[[ MATERIAL PROVIDED open ]]

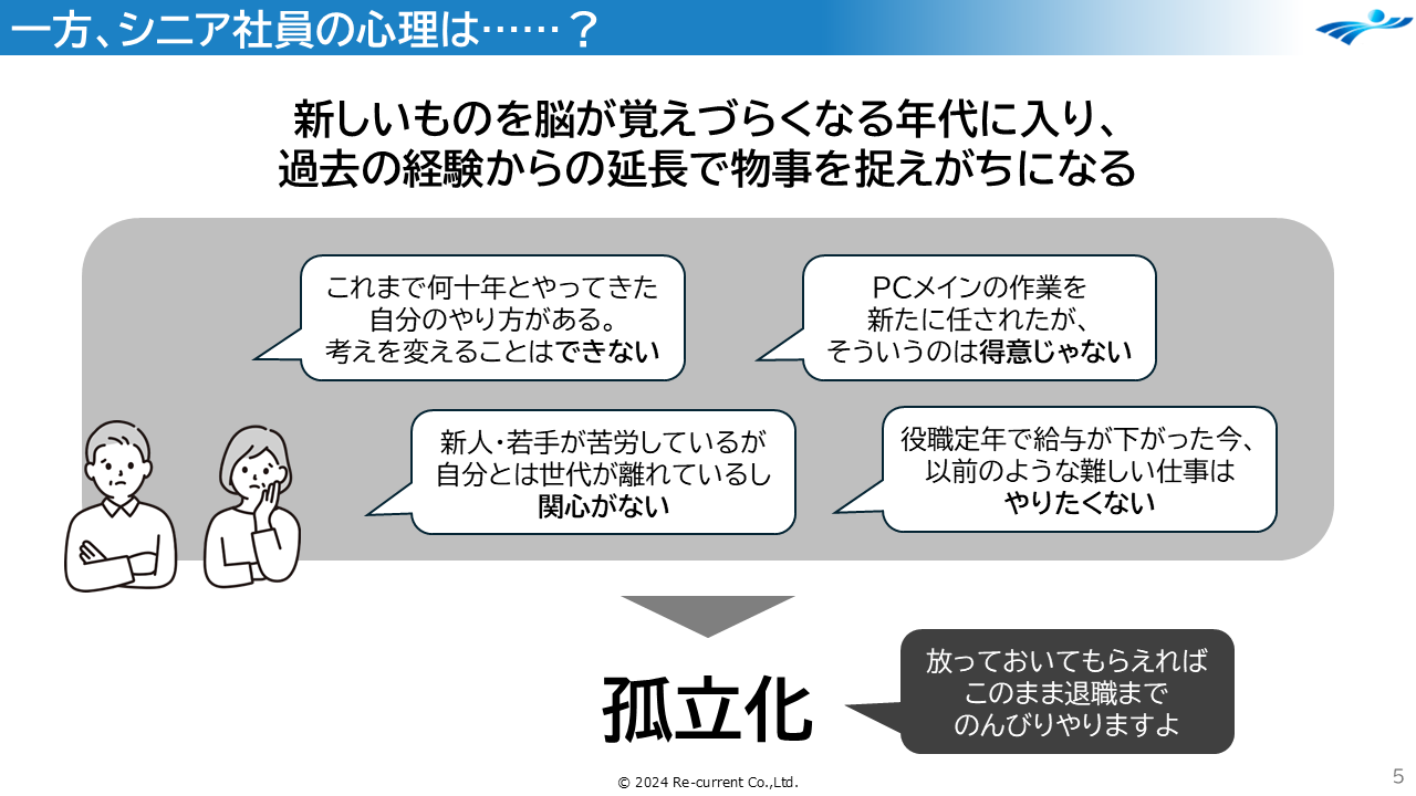 シニア社員もそのようにコミュニケーションを閉じ、孤立してしまっているのです。
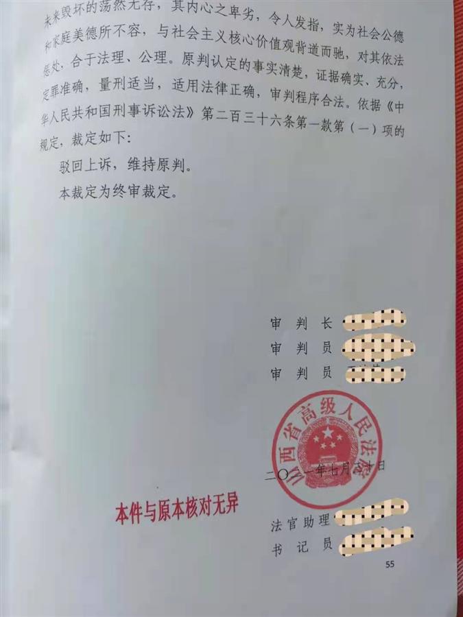最终法院依据《中华人民共和国刑事诉讼法》第二百三十六条第一款第(一)项的规定,裁定如下:驳回上诉,维持原判。本裁定为终审裁定。
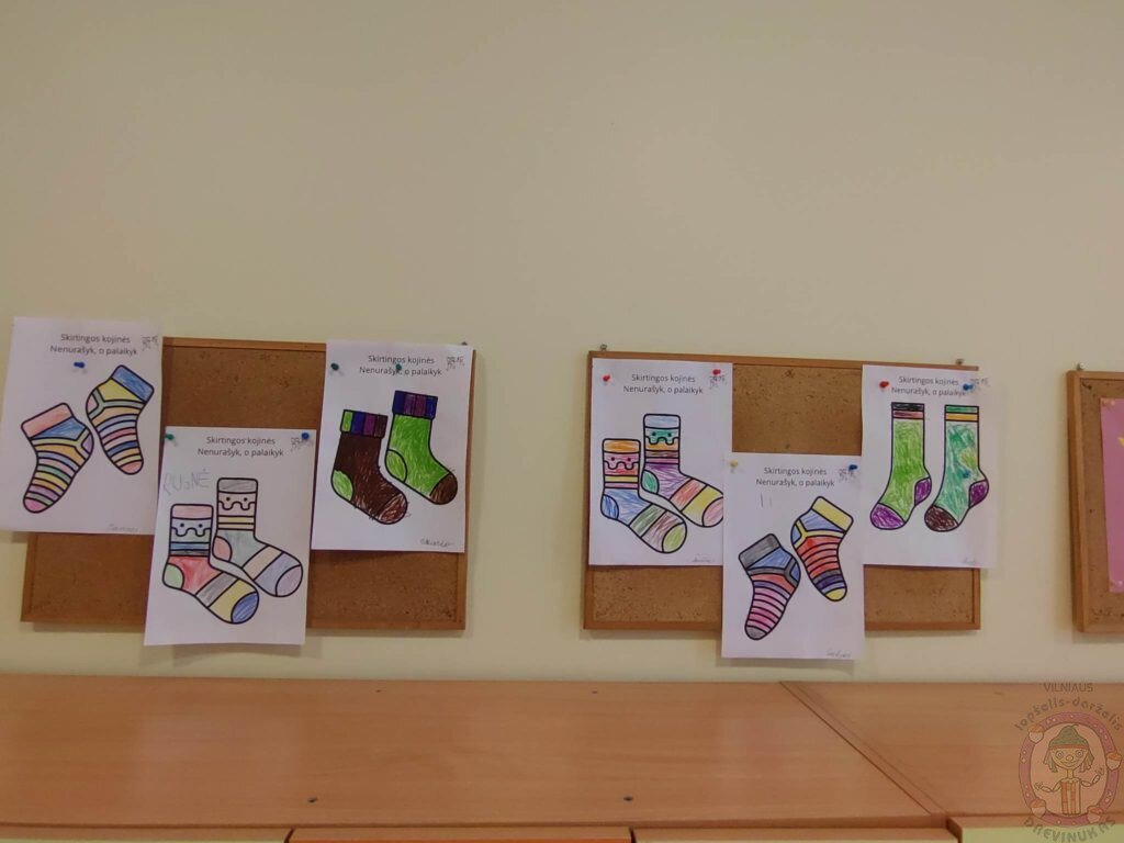 Mūsų darželio bendruomenė dalyvavo socialinėje akcijoje „Nenurašyk, o palaikyk“. 2023 kovo 21 d. – Pasaulinė Dauno sindromo diena, kurią mūvimos skirtingos kojinės išreiškiant palaikymą ir toleranciją žmonėms su Dauno sindromu bei jų šeimoms. Skirtingos kojinės simbolizuoja kitoniškumą, tačiau jį nulemia tik viena chromosoma.
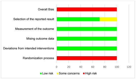 The Cochrane Risk of Bias (RoB-2) tool (ROB2_IRPG_beta_v9) [28] facilitates the evaluation of each research article through ten domains and an overall assessment, which is related to the randomization process, deviations from intended interventions, missing outcome data, outcome measurement, and selection of reported and overall outcomes. Finally, all articles are classified as having “some concerns” or a “low” or “high” risk of bias.
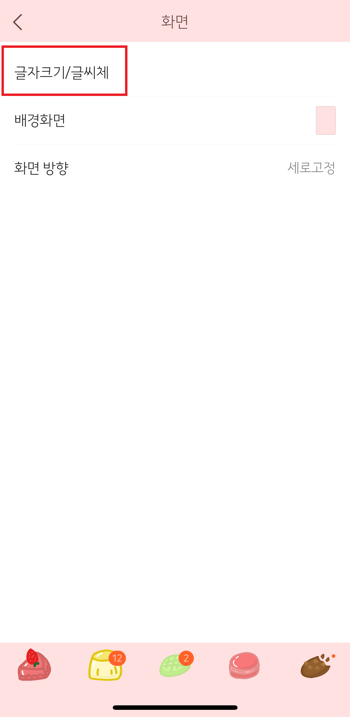 설정에서 '화면'으로 들어와주시면 '글자크기/글씨체' 탭이 보입니다. 이대로 들어와주세요.

[[ MATERIAL PROVIDED closed ]]

**DESCRIPTION OF THE TASK:**
Apart from the images, every line above is to be given again exactly.

**EXERCISE RESULT:**
 シニア社員もそのようにコミュニケーションを閉じ、孤立してしまっているのです。
最终法院依据《中华人民共和国刑事诉讼法》第二百三十六条第一款第(一)项的规定,裁定如下:驳回上诉,维持原判。本裁定为终审裁定。
 Mūsų darželio bendruomenė dalyvavo socialinėje akcijoje „Nenurašyk, o palaikyk“. 2023 kovo 21 d. – Pasaulinė Dauno sindromo diena, kurią mūvimos skirtingos kojinės išreiškiant palaikymą ir toleranciją žmonėms su Dauno sindromu bei jų šeimoms. Skirtingos kojinės simbolizuoja kitoniškumą, tačiau jį nulemia tik viena chromosoma.
 The Cochrane Risk of Bias (RoB-2) tool (ROB2_IRPG_beta_v9) [28] facilitates the evaluation of each research article through ten domains and an overall assessment, which is related to the randomization process, deviations from intended interventions, missing outcome data, outcome measurement, and selection of reported and overall outcomes. Finally, all articles are classified as having “some concerns” or a “low” or “high” risk of bias.
 설정에서 '화면'으로 들어와주시면 '글자크기/글씨체' 탭이 보입니다. 이대로 들어와주세요.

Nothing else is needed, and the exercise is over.